О РАЗЛИЧИИ ПО РОДУ МЕЖДУ РАЗУМОМ И РАССУДКОМ.

Схема Аргумента.

Напротив, Разум — это Сила Универсальных и необходимых Убеждений, Источник и Субстанция Истин выше Чувств, имеющих свое доказательство в самих себе. Его присутствие всегда отмечено необходимостью утвержденного положения: эта необходимость является условной, когда истина Разума применяется к Фактам Опыта или к правилам и максимам Рассудка; но абсолютной, когда предмет сам по себе является ростом или порождением Разума. Отсюда возникает различие в самом Разуме, проистекающее из различного способа его применения и из объектов, на которые он направлен: соответственно тому, как мы рассматриваем один и тот же дар, то как основание формальных принципов, то как источник идей. Рассматриваемый отличительно в отношении формальной (или абстрактной) истины, это умозрительный разум; но в отношении актуальной (или моральной) истины, как источник идей и свет совести, мы называем его практическим разумом. Всякий раз, когда через самоподчинение этому универсальному свету воля индивида, частная воля, становится волей разума, человек возрождается: и разум тогда есть дух возрожденного человека, посредством которого личность способна к животворящему взаимообщению с Божественным Духом. И в этом состоит тайна Искупления, что это стало возможным для нас. И так написано: первый человек Адам стал душою живущею, а последний Адам — духом животворящим. (1 Кор. 15:45.) Нам нужно лишь сравнить отрывки в писаниях Апостолов Павла и Иоанна, касающиеся духа и духовных Даров, с теми, что в Притчах и Премудрости Соломона относительно разума, чтобы убедиться, что эти термины синонимичны. [94] В этом, одновременно наиболее всеобъемлющем и наиболее подходящем принятии слова, разум является преимущественно духовным, и дух, даже наш дух, через истечение той же благодати, которой мы удостоены говорить «Отче наш!»
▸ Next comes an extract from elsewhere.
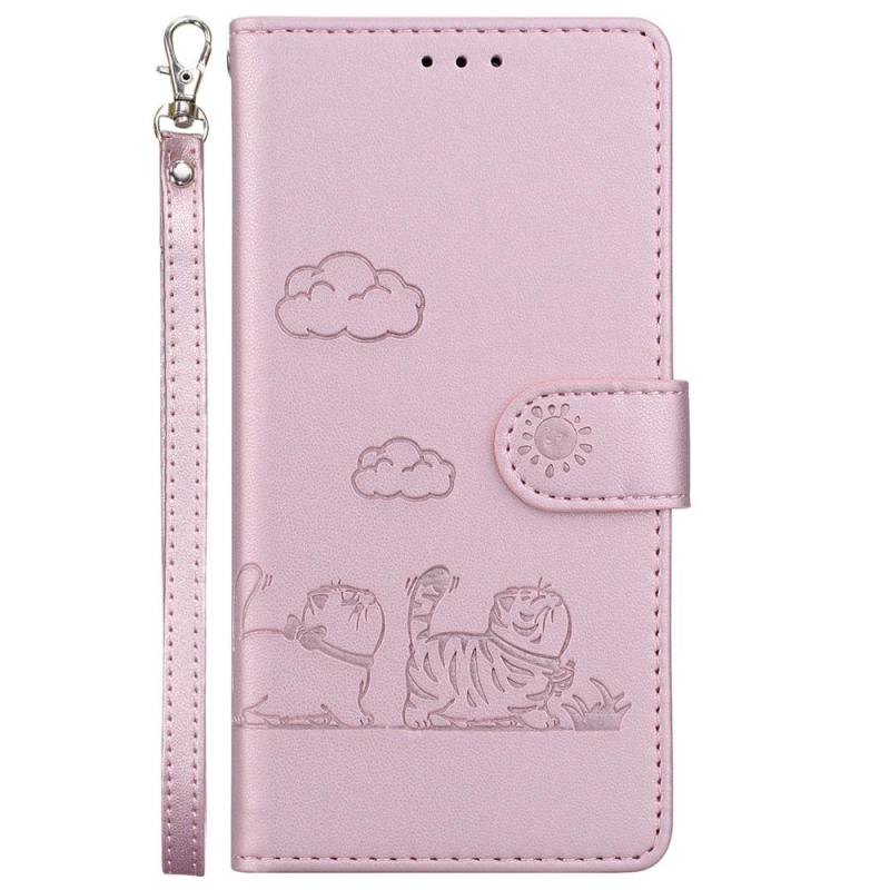 For Redmi Note 14 4G 163.25mm Cute Cats RFID Leather Phone Case(Rose Gold)
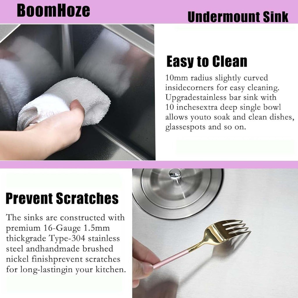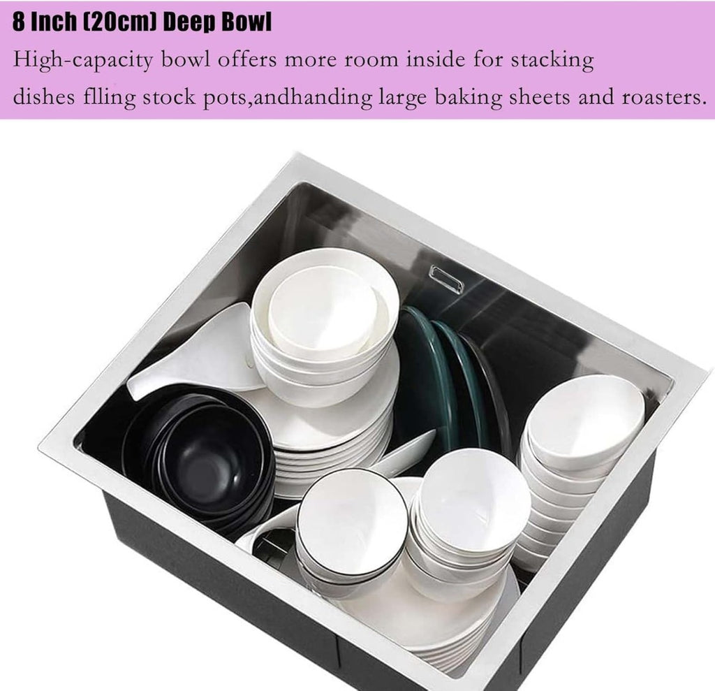 EASY T0 CLEAN: 10mm radius slightly curved in side corners for easy cleaning. Upgrade stainless bar sink with 8 inches(20cm)deep single bowl allows you to soak and clean dishes, glasses, pots and so on.

С другой стороны, Суждения Рассудка обязательны только в отношении объектов наших Чувств, которые мы рефлектируем под формами Рассудка. Это, как Лейтон справедливо определяет его, «способность судить согласно чувствам». Отсюда мы добавляем эпитет «человеческий» без тавтологии: и говорим о человеческом рассудке в отделении от рассудка существ, высших или низших человека. Но в этом смысле нет человеческого разума. Нет и не может быть иного разума, кроме одного и того же: того самого света, который просвещает индивидуальный Рассудок каждого человека (Discursus) и тем самым делает его разумным рассудком, дискурсом разума — одного единственного, но многообразного: он проходит через всякий рассудок и, оставаясь в самом себе, возрождает все другие силы. Тот же писатель называет его также влиянием от Славы Всемогущего, что является одним из имен Мессии, как Логоса, или совечного Сыновнего Слова. И наиболее примечательным по своему совпадению является фрагмент Гераклита, как я, собственно, уже отмечал в другом месте: «Чтобы рассуждать рационально, нам надлежит черпать силу из того, что является общим для всех людей: ибо все человеческие Рассудки питаются одним Божественным Словом».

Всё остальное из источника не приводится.